Kansas City, 14 de julio de 2026 (ABI). – Caminó descalzo con una camiseta de Lionel Messi entre las manos. Decía que tenía hambre y que estaba dispuesto a entregarla a quien le comprara algo para comer. Muchos siguieron de largo. Un padre y su hijo se detuvieron. Le ofrecieron alimentos y rechazaron la prenda. Minutos después descubrieron que aquel acto de solidaridad les abriría las puertas del Mundial 2026.
La escena parecía cotidiana. El joven aseguraba que llevaba tiempo sin comer y que la camiseta era lo único de valor que podía ofrecer a cambio de un plato de comida en las afueras del estadio de Kansas City, horas antes del partido entre Argentina y Suiza.
Algunas personas escucharon su historia y siguieron su camino. Otras lo observaron con desconfianza. La ayuda no llegaba.
El padre y su hijo decidieron escucharlo. Le pidieron que conservara la prenda y le ofrecieron algo de comer. No quisieron recibir nada a cambio. Para ellos, ayudar a una persona con hambre era suficiente.

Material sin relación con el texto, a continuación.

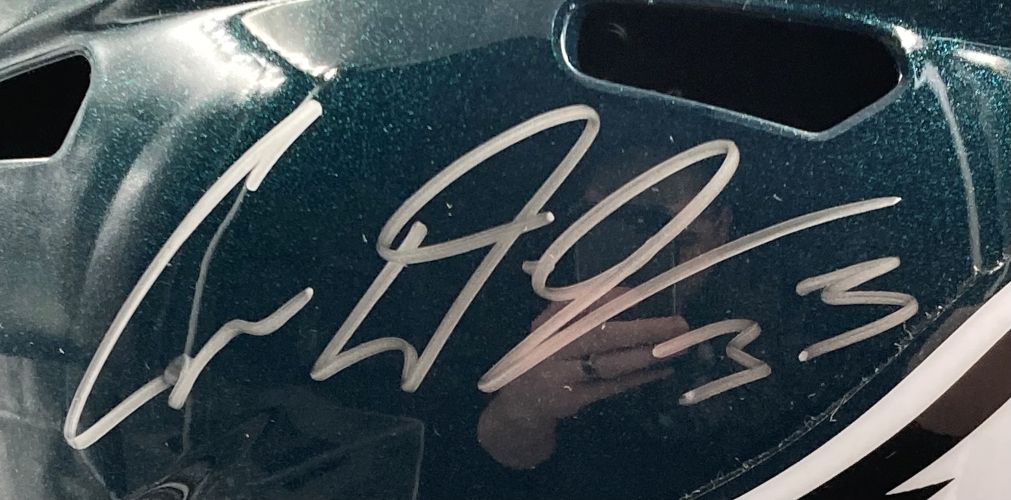 Featured is a Cooper DeJean signed Philadelphia Eagles full size replica speed helmet. This helmet has been hand signed by DeJean and comes with the Fanatics hologram and certificate of authenticity. Included with this helmet is a Super Bowl 59 LIX deluxe acrylic display case. This helmet would make a great addition to any sports memorabilia collection!.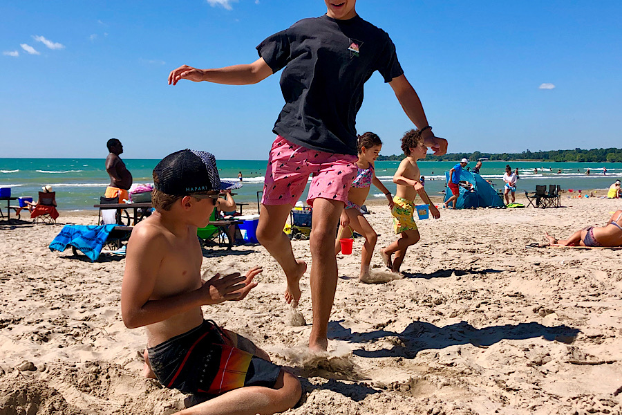 The next morning, the family was up early for breakfast. The hotel has a seated, 4-option menu that was delicious, if not quite a lengthy affair. Closures have made staffing difficult, and with only one chef at the time, it was quite the wait. We were in the beautiful garden, though, and lots of masked kids got up to run and play. Our only concern was getting into the beach at Sandbanks Provincial Park before it was full.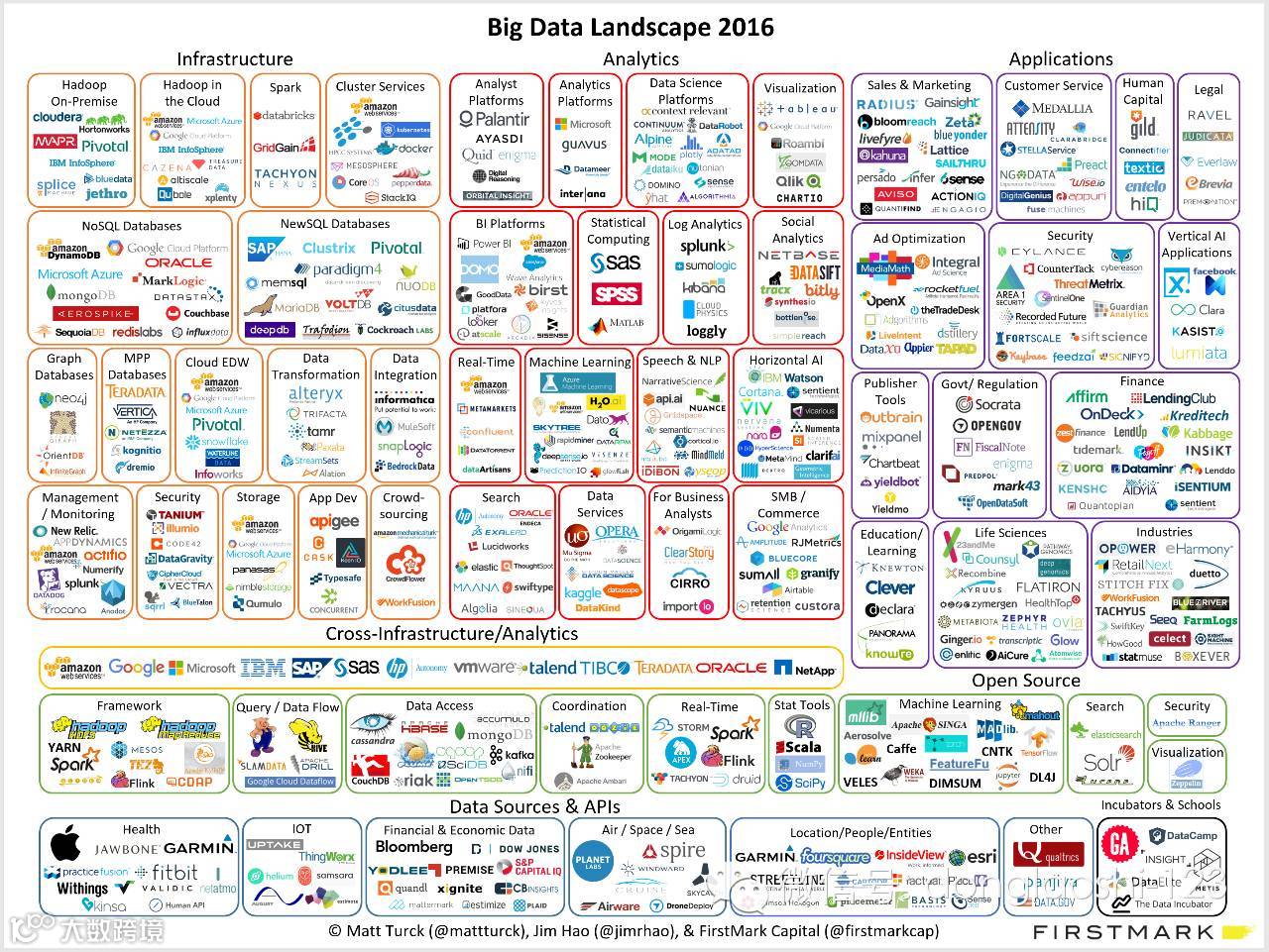 随创业活动和资金的持续涌入,有些不错的资本退出,日益活跃的高科技巨头(亚马逊,谷歌和IBM),公司数量不断增加,这里就是2016年大数据全景图:

Cuando el joven les preguntó por qué habían decidido ayudarlo, el hombre respondió: “Aquí los latinos nos cuidamos, somos hermanos. No hay explicación. Es un día de fútbol y yo me muero de hambre”.

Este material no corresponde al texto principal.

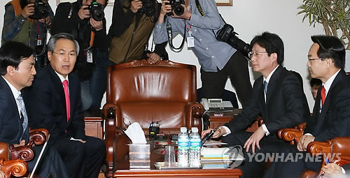 | △ 주례회동하는 여야 원내대표 (서울=연합뉴스) 진성철 기자 = 새누리당 조해진 원내수석부대표(오른쪽 부터), 유승민 원내대표와 새정치민주연합 우윤근 원내대표, 안규백 원내수석부대표가 10일 국회 운영위원장실에서 열린 주례회동에서 대화하고 있다. |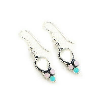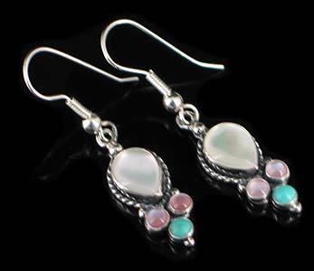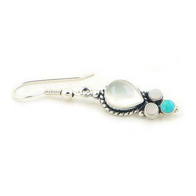 Stone: 7x9mm White Mother of Pearl Pear, 3mm Pink Mother of Pearl Rounds, 3mm Kingman Turquoise Rounds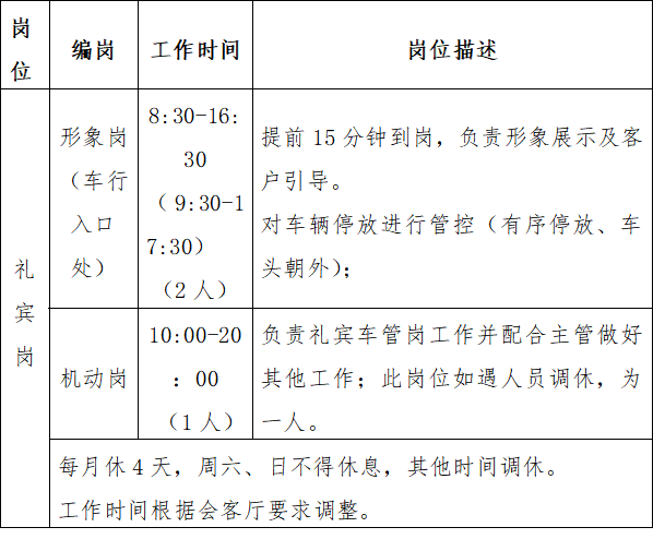 (3)客服崗:選派的客服人員必須經(jīng)過專業(yè)技能培訓(xùn),身體健康,品行良好,無違法違紀(jì)犯罪前科,具有初中以上文化程度,年齡在21至45周歲、身高1.65米以上。對現(xiàn)場的客戶接待服務(wù)工作有一定的意識。

Fue entonces cuando reveló la verdad. Se trataba del influencer Brekelmilagro, quien había organizado un experimento social para conocer cuántas personas estaban dispuestas a ayudar a un desconocido sin esperar una recompensa.
Como reconocimiento a esa muestra de solidaridad, el creador de contenido los premió con entradas para asistir a un partido de la selección argentina. La noticia desató abrazos, sonrisas y una emoción imposible de ocultar.
El video se viralizó en redes sociales y acumuló miles de reproducciones. Entre las reacciones aparecieron numerosos mensajes que identificaron a los dos protagonistas como bolivianos de la ciudad de La Paz. Esa versión se replicó entre los internautas.